The Bank of Japan unveiled a plan on Friday to boost funding for fighting climate change, in a surprise move underscoring the importance of the issue for central banks.
The BOJ also maintained its massive monetary stimulus to support the country’s economic recovery and extended a deadline for asset-buying and loan programs introduced last year to channel funds to pandemic-hit firms.
Following are excerpts from BOJ Governor Haruhiko Kuroda’s comments at his post-meeting news conference, which was conducted in Japanese, as translated by Reuters:
ON NEW CLIMATE-CHANGE SCHEME
“Japan has pledged to aim for carbon-zero by 2050. The parliament and government are primarily responsible for measures to achieve this. But climate change has a very big impact on the economy, prices and financial markets in the medium- to long-term … By creating this scheme, we can respond flexibly to changes in the external environment regarding climate change.
“The BOJ will also examine steps on climate change that are not directly related to monetary policy, and will announce the findings at an appropriate timing after our July policy meeting.”
“In Japan, bank lending makes up a large portion of companies’ fund procurement. By creating the climate change scheme, we hope financial institutions will respond to growing corporate needs for funds for this purpose.”

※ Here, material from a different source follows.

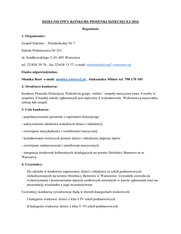 DZIELNICOWY KONKURS PIOSENKI DZIECIĘCEJ 2016 Regulamin 1. Organizator: Zespół Szkolno – Przedszkolny Nr 7 Szkoła Podstawowa Nr 321 ul. Szadkowskiego 3, 01-493 Warszawa tel. 22/836 39 78, fax 22/638 13 77, e-mail: [email protected] Osoba odpowiedzialna: Monika Rost e-mail: [email protected] , Aleksandra Milner tel. 798 170 345 2. Struktura konkursu: Konkurs Piosenki Dziecięcej. Podział na grupy: soliści / zespoły muzyczne (max 4 osoby w zespole). Z każdej szkoły zgłaszanych jest najwyżej 4 wykonawców. Wykonawcą nazywamy solistę lub zespół. 3. Cele konkursu: - popularyzowanie piosenek z repertuaru dziecięcego - uaktywnienie zdolności wokalnych dzieci i młodzieży - rozwijanie muzykalności i wrażliwości muzycznej - kształtowanie twórczych postaw dzieci i młodzieży poprzez śpiew - rozwijanie zainteresowań i zamiłowań muzycznych - integracja środowisk kulturalnych działających na terenie Dzielnicy Bemowo m.st. Warszawy 4. Uczestnicy: Do udziału w konkursie zapraszamy dzieci i młodzież ze szkół podstawowych zlokalizowanych na terenie Dzielnicy Bemowo w Warszawie. Uczestnik zezwala na wykorzystanie i przetwarzanie danych osobowych zawartych w karcie zgłoszenia oraz na prezentację wizerunku z jego uczestnictwem. Uczestnicy konkursu rywalizować będą w dwóch kategoriach wiekowych: I kategoria wiekowa: dzieci z klas I-IV szkół podstawowych II kategoria wiekowa: dzieci z klas V-VI szkół podstawowych 5. Kryteria oceny: Powołane przez Organizatora jury oceniać będzie: dobór repertuaru, staranność i swoboda wykonania (intonacja, dykcja, interpretacja), poczucie rytmu oraz ogólny wyraz artystyczny. 6. Warunki uczestnictwa: Soliści/ zespół muzyczny przygotowuje jedną dowolną piosenkę z repertuaru dziecięcego. Czas trwania prezentacji – do 4 minut. Karty zgłoszenia do 4 maja 2016r należy dostarczyć do Organizatora konkursu W tytule prosimy napisać: „Konkurs muzyczny ZSP7 ” faksem 22/638 13 77 lub pocztą elektroniczną na adres [email protected]. 7. Organizacja konkursu: • Do konkursu zgłaszać można maksymalnie czterech wykonawców z jednej placówki. Konkurs odbędzie się 20.05.2016r. w Ośrodku Profilaktyczno – Wychowawczym „MICHAEL” w Warszawie, ul. Ks. Bronisława Markiewicza1. Grafik występów zostanie opublikowany na stronie internetowej SP 321 (6 maj 2016r.) oraz przesłany mailem do szkół. • Powołane przez Organizatora jury przyzna trzy nagrody w każdej kategorii wiekowej oraz wyróżnienia według uznania. Rozdanie nagród połączone z występem publicznym nastąpi dnia 4.06.2016r godz. 10.00 w czasie Pikniku Rodzinnego ul. Szadkowskiego 3 (scena plenerowa) Lista osób nagrodzonych i wyróżnionych zostanie opublikowana na stronie internetowej SP 321 oraz rozesłana do szkół do 24 maja 2016r Wszyscy uczniowie biorący udział w konkursie oraz ich nauczyciele otrzymają dyplomy. • • 7. Dane techniczne: - uczestnicy mogą wykorzystać akompaniament na żywo (keyboard)) lub podkład muzyczny w postaci półplaybacku w formacie audio CD. - płyta CD powinna być podpisana (imię i nazwisko uczestnika) i nr utworu - Organizator zapewnia nagłośnienie i keyboard. 8. Postanowienia końcowe: Sprawy nie ujęte w regulaminie rozstrzyga Organizator w porozumieniu z jury. Szczegółowe informacje można uzyskać u Koordynatora konkursu - pani Moniki Rost ([email protected]) lub pani Aleksandry Milner ( tel: 798 170 345 )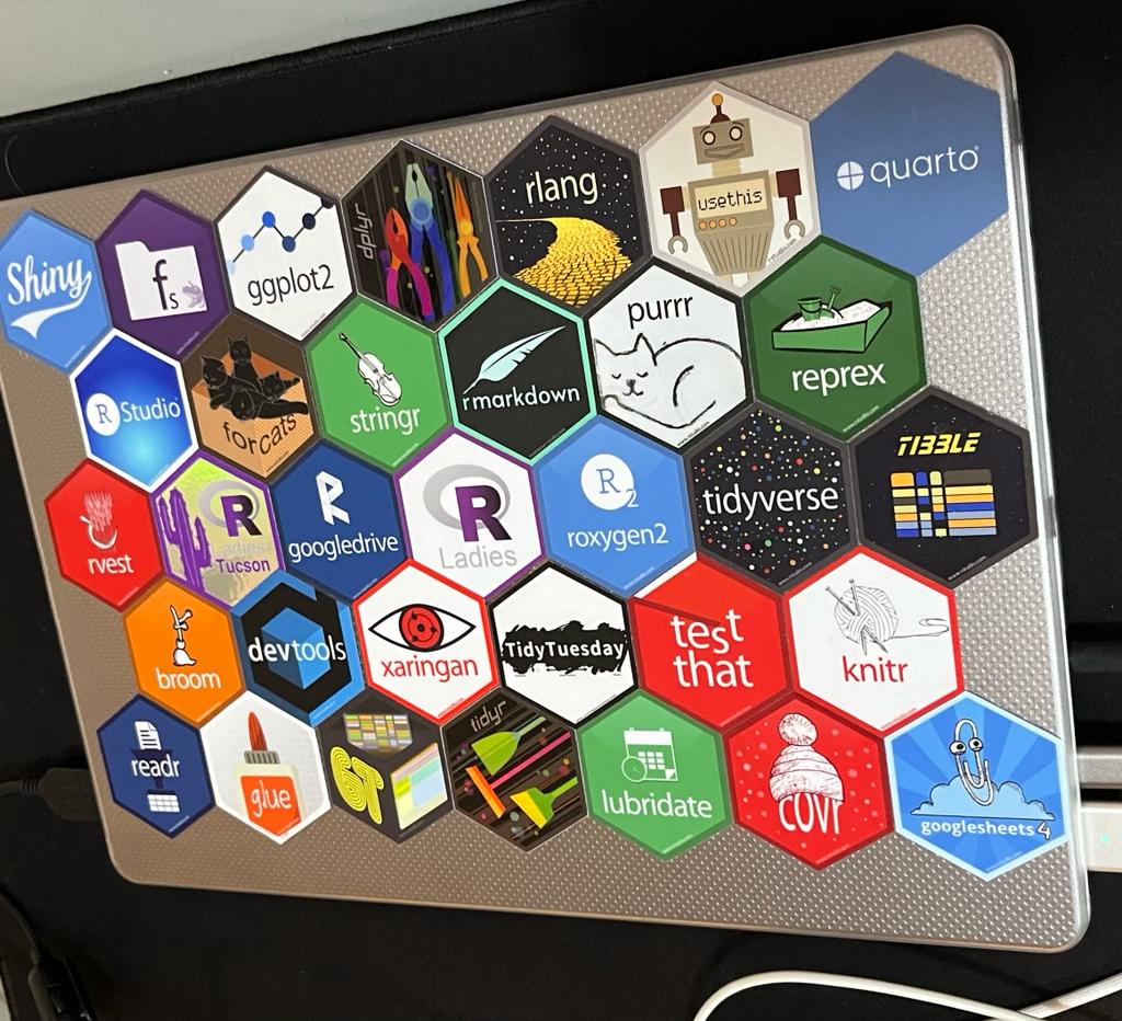 Lots of stickers (my first ones!) and learning in the first day of #rstudioconf2022 .

“The pandemic continues to severely affect Japan’s economy, and is exerting big downward pressure on service sectors. It will take some time for the economy to emerge from the pandemic, during which corporate funding will remain under stress.”
“It’s not as if we will buy green bonds in huge amounts. But we won’t rule out buying green bonds in the future.”
IMPACT OF RISING RAW MATERIAL COSTS
“Japan’s vaccine innoculation is picking up pace, so at one point, consumers may spend more on services and there could be pent-up demand … That may make it easier for companies to pass on costs. But at this point, that’s not happening easily in Japan as in Europe or in the United States. As the economy recovers steadily, we may gradually see inflation accelerate.”